Stored records:

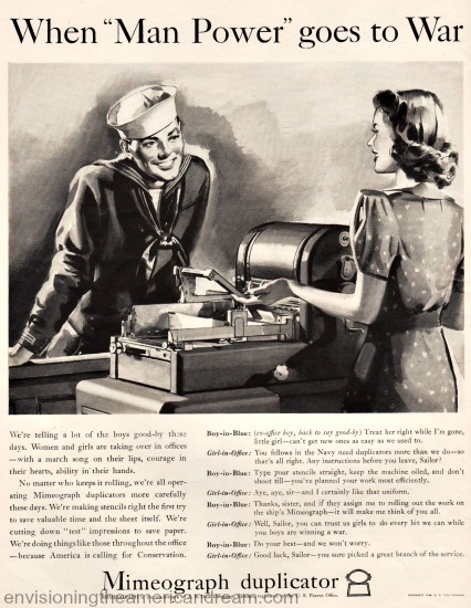 Before our sailor ships off he offers some advise about the mimeograph machine : “Treat her right little girl- can’t get new ones as easy as we used to.” Vintage ad Mimeograph Duplicators 1942
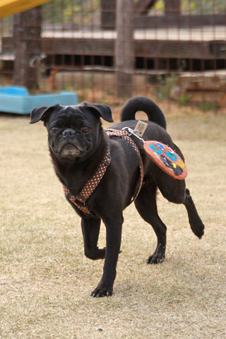 ハーネスをつけたパグちゃんを両端の飼い主さんが呼んで、引っ張りあっこしますよ。 |
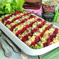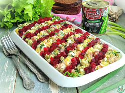 Картофельный салат с сельдью и горошком
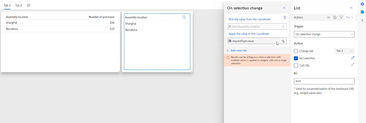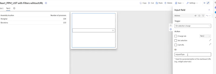 Pick the column you want to use for a filtercriteria and assign it to the user input you have defined on tab2
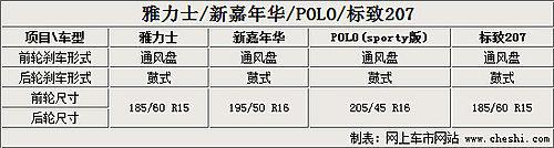 四款車型的前后剎車形式都是通風盤+蹄鼓式剎車,輪胎尺寸方面新建年華運動版和POLO Sporty兩款用到了更大的16寸輪胎并且寬度也更寬,非常符合這兩款車型突出運動性的定位。而雅力士和標致207的15寸車輪配合185輪胎寬度在同級別車型中也是中規(guī)中矩的配置。
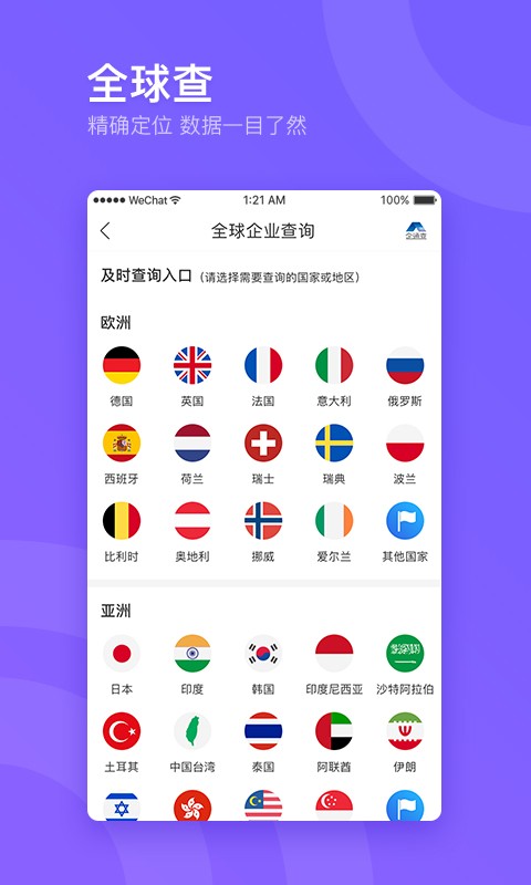 企业数据中心海外数据全面盖五大洲240+国家,超过2亿+海外企业的信用、财务、金融和商业信息,并与各国数据源信息实时同步。
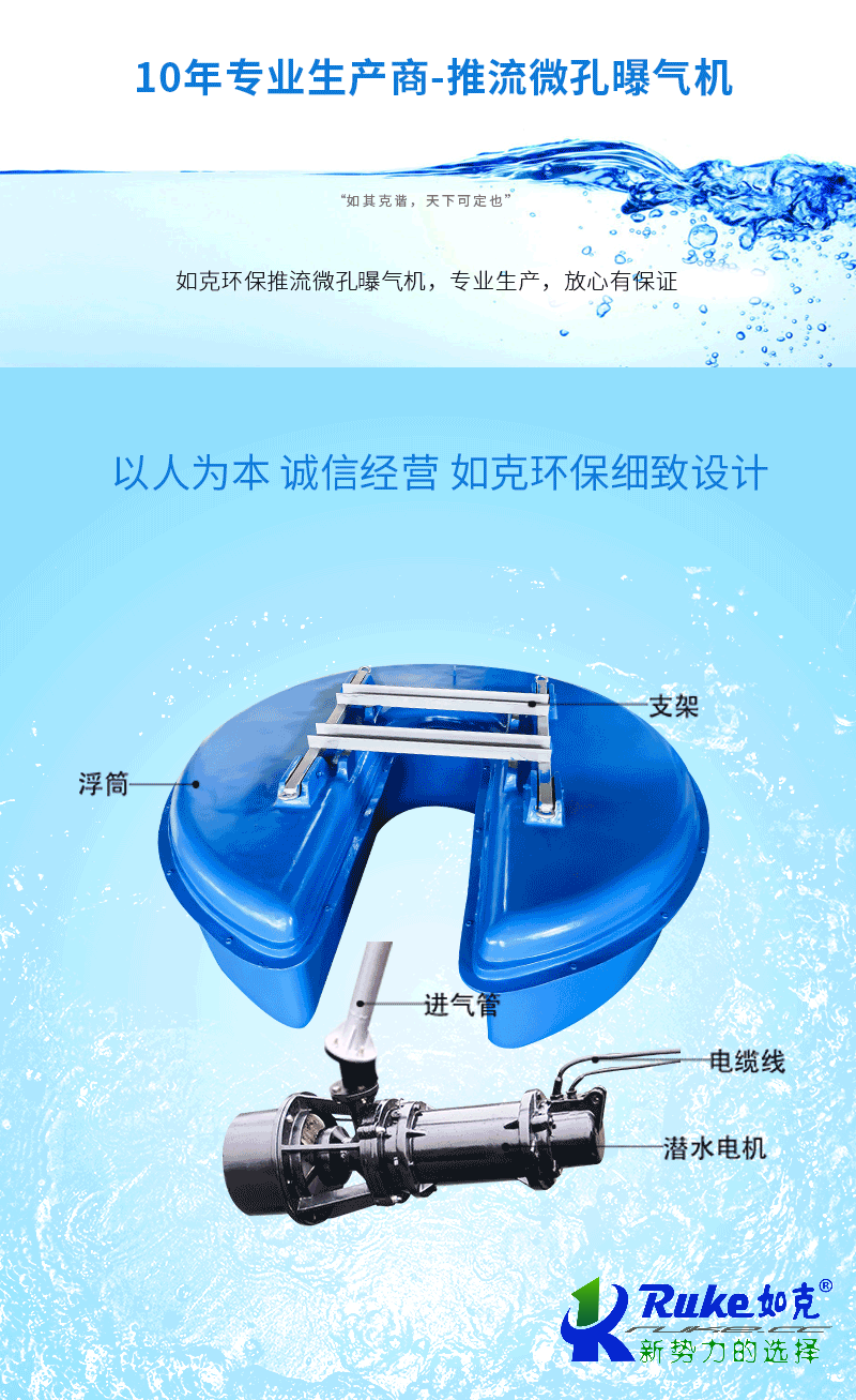 江蘇如克(www.gnhzh.com)是一家主營推流曝氣機,潛水攪拌機,噴泉式曝氣機,干式攪拌機,吸沫機,餐廚垃圾處理設備等環保設備的廠家,我們的產品價格優惠,型號全,服務好,歡迎洽談合作!
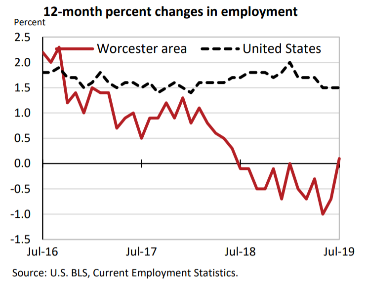 The new workforce numbers come at a time of increased speculation among economists of a slowdown in the economy of even a recession in the next year or two. Non-farm employment changes in the Worcester metro area have trailed the national average for nearly three years, with the gap widening in the past year and a half.
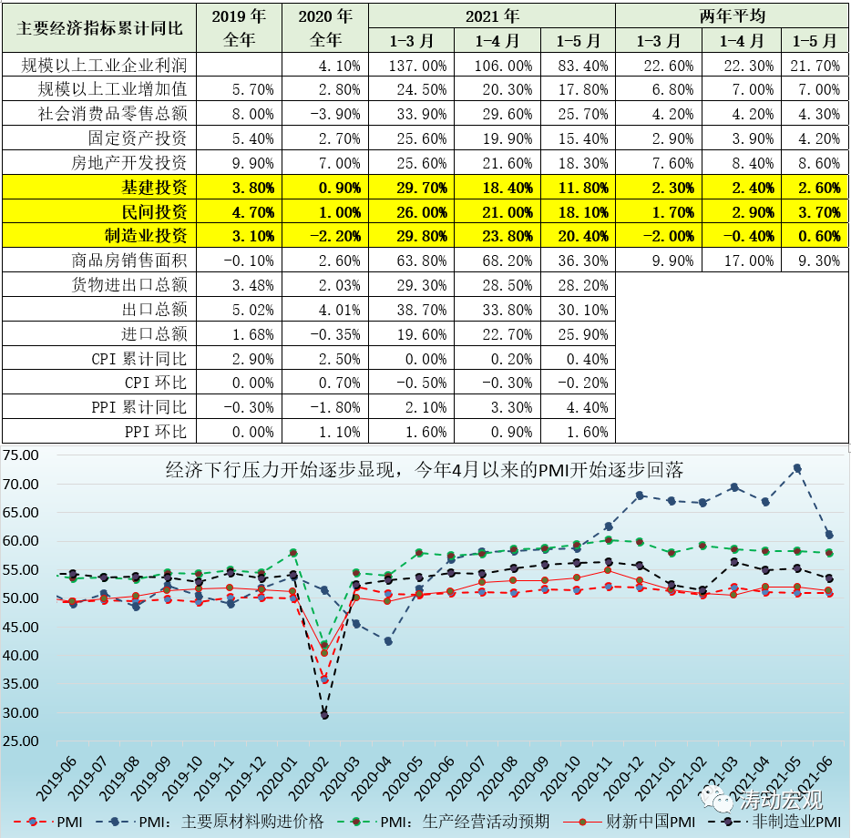 2、从三驾马车的表现来看,消费与投资等内需整体上仍处于低位缓慢修复态势,房地产投资与贸易端延续了2020年的表现,对上半年的经济修复贡献力度较大,如1-5月的房地产投资累计同比、货物进出口总额累计同比分别达到8.60%和28.20%。其中,房地产投资累计同比的两年平均值高达8.60%,1-5月民间投资与制造业投资累计同比的两年平均值则分别为3.70%和0.60%,较2019年的水平还有不少距离。同时PPI上行压力亦比较大,但CPI弱势仍比较明显。
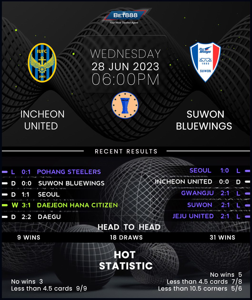 A place in the Korean FA Cup is on the line as Incheon United and Suwon Bluewings meet each other at the Sungui Arena Park in an exciting quarter-final tie.
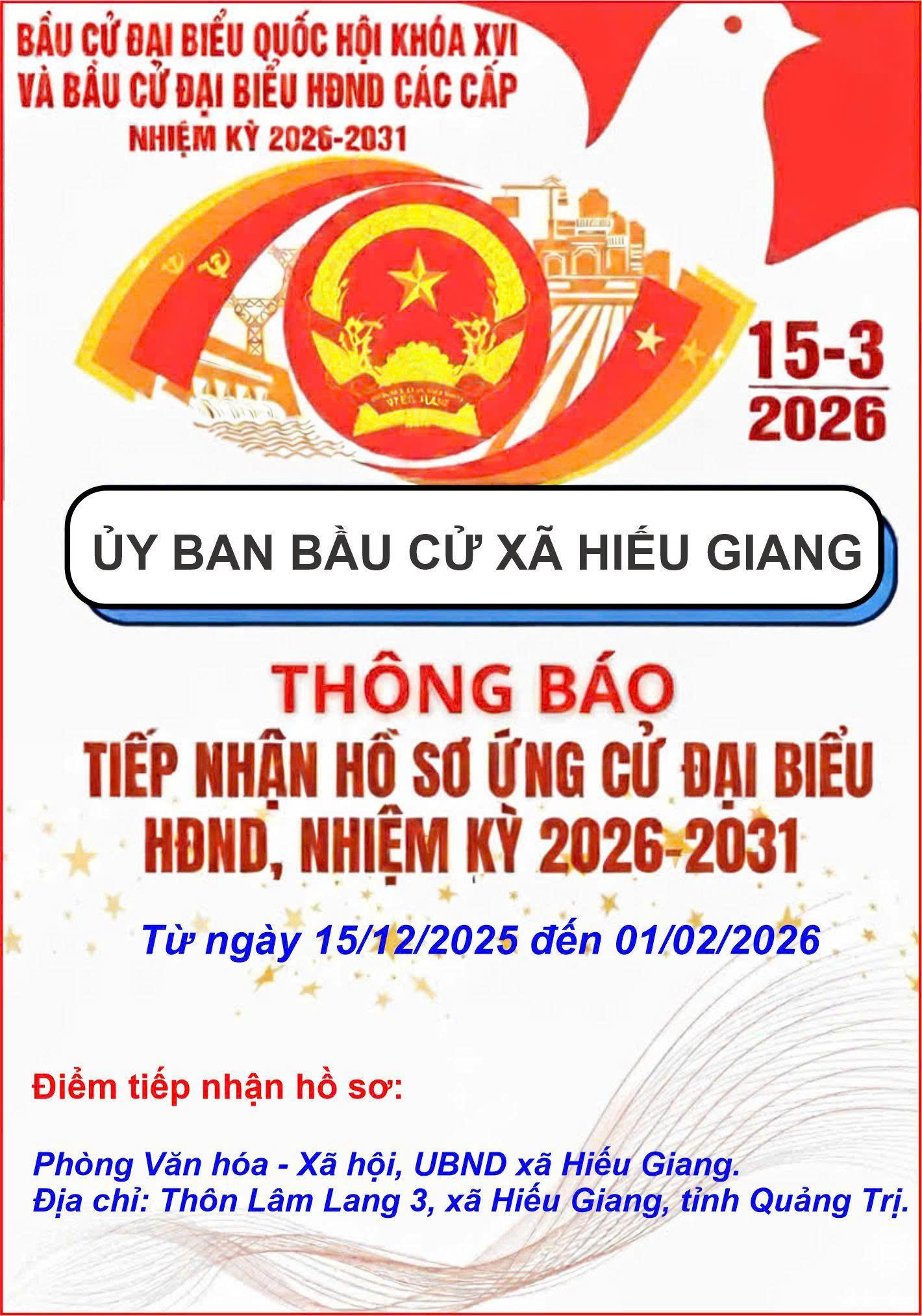 Hiện nay, Phòng Văn hóa – Xã hội thuộc UBND xã Hiếu Giang đã và đang tích cực tiếp nhận hồ sơ ứng cử đại biểu HĐND xã, nhiệm kỳ 2026-2031. Người ứng cử nộp hồ sơ trực tiếp tại Phòng Văn hóa – Xã hội đến 17 giờ 00 phút ngày 1/2/2026. Việc nộp hồ sơ đúng thời hạn là điều kiện bắt buộc để xem xét đưa vào danh sách người ứng cử theo luật định.
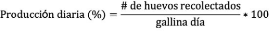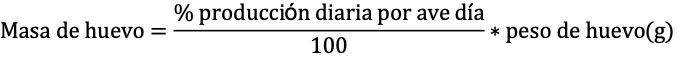 El pesaje de los huevos se efectuó una vez a la semana, con una muestra aleatoria de treinta huevos recién recolectados por lote, con una balanza analítica con ±0,01g de precisión. A partir del peso promedio de huevo de cada lote y del número de huevos, durante la semana treinta hasta la setenta de edad del ave, se calculó el porcentaje de producción diaria y producción semanal (ecuación 2), la cantidad de huevos por ave alojada (ecuación 3), la masa de huevo (ecuación 4), la conversión alimenticia ontotal y la conversión alimenticia real.
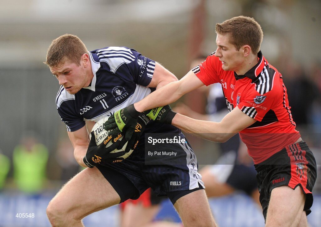 27 February 2010; Gary O'Driscoll, IT Tralee, in action against Patrick Burke, Trinity College. Ulster Bank Trench Cup Final, Institute of Technology Tralee v Trinity College, Leixlip GAA Club, Leixlip, Co. Kildare. Picture credit: Pat Murphy / SPORTSFILE
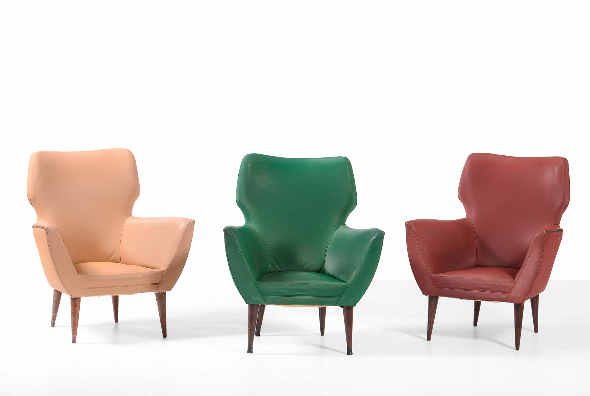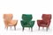 Set di tre poltrone con struttura in legno e rivestimenti in tessuto., Prod. Italia, 1950 ca. cm 71x55x85
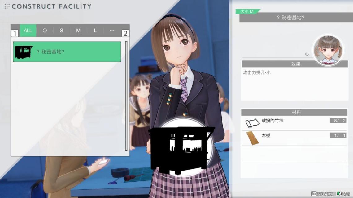 游戏还引入了开发学校设施的功能,在四周被水环绕的学校里,美少女们也有一些兴趣爱好以及想要的设施,玩家可以根据少女们的请求来制造她们所需要的设施,制作设施也需要一些材料,而制造出设施以后不但可以给校园增添一些热闹,还有着对少女们的buff加成,并且一些设施有套组效果,额外增加效果的加成。
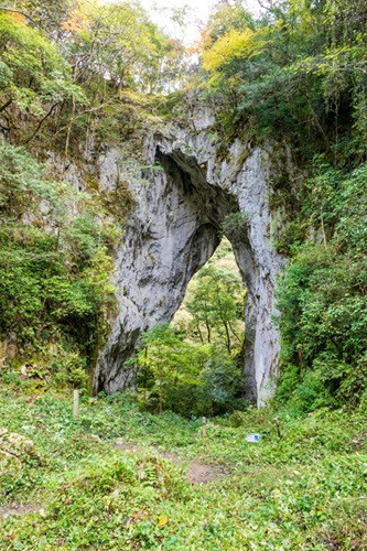 羅生門は、標高約400mの草間台のドリーネにできた石灰岩の巨大なアーチで、古い鍾乳洞が崩落し、一部分が残存してアーチとなった鍾乳洞の最後の姿です。

Work required
Starting at the line above that contains "江蘇如克(www.gnhzh", transcribe every line exactly through the line that contains "Hiện nay, Phòng", including that last one, and skip the pictures.

Answer box
 江蘇如克(www.gnhzh.com)是一家主營推流曝氣機,潛水攪拌機,噴泉式曝氣機,干式攪拌機,吸沫機,餐廚垃圾處理設備等環保設備的廠家,我們的產品價格優惠,型號全,服務好,歡迎洽談合作!
 The new workforce numbers come at a time of increased speculation among economists of a slowdown in the economy of even a recession in the next year or two. Non-farm employment changes in the Worcester metro area have trailed the national average for nearly three years, with the gap widening in the past year and a half.
 2、从三驾马车的表现来看,消费与投资等内需整体上仍处于低位缓慢修复态势,房地产投资与贸易端延续了2020年的表现,对上半年的经济修复贡献力度较大,如1-5月的房地产投资累计同比、货物进出口总额累计同比分别达到8.60%和28.20%。其中,房地产投资累计同比的两年平均值高达8.60%,1-5月民间投资与制造业投资累计同比的两年平均值则分别为3.70%和0.60%,较2019年的水平还有不少距离。同时PPI上行压力亦比较大,但CPI弱势仍比较明显。
 A place in the Korean FA Cup is on the line as Incheon United and Suwon Bluewings meet each other at the Sungui Arena Park in an exciting quarter-final tie.
 Hiện nay, Phòng Văn hóa – Xã hội thuộc UBND xã Hiếu Giang đã và đang tích cực tiếp nhận hồ sơ ứng cử đại biểu HĐND xã, nhiệm kỳ 2026-2031. Người ứng cử nộp hồ sơ trực tiếp tại Phòng Văn hóa – Xã hội đến 17 giờ 00 phút ngày 1/2/2026. Việc nộp hồ sơ đúng thời hạn là điều kiện bắt buộc để xem xét đưa vào danh sách người ứng cử theo luật định.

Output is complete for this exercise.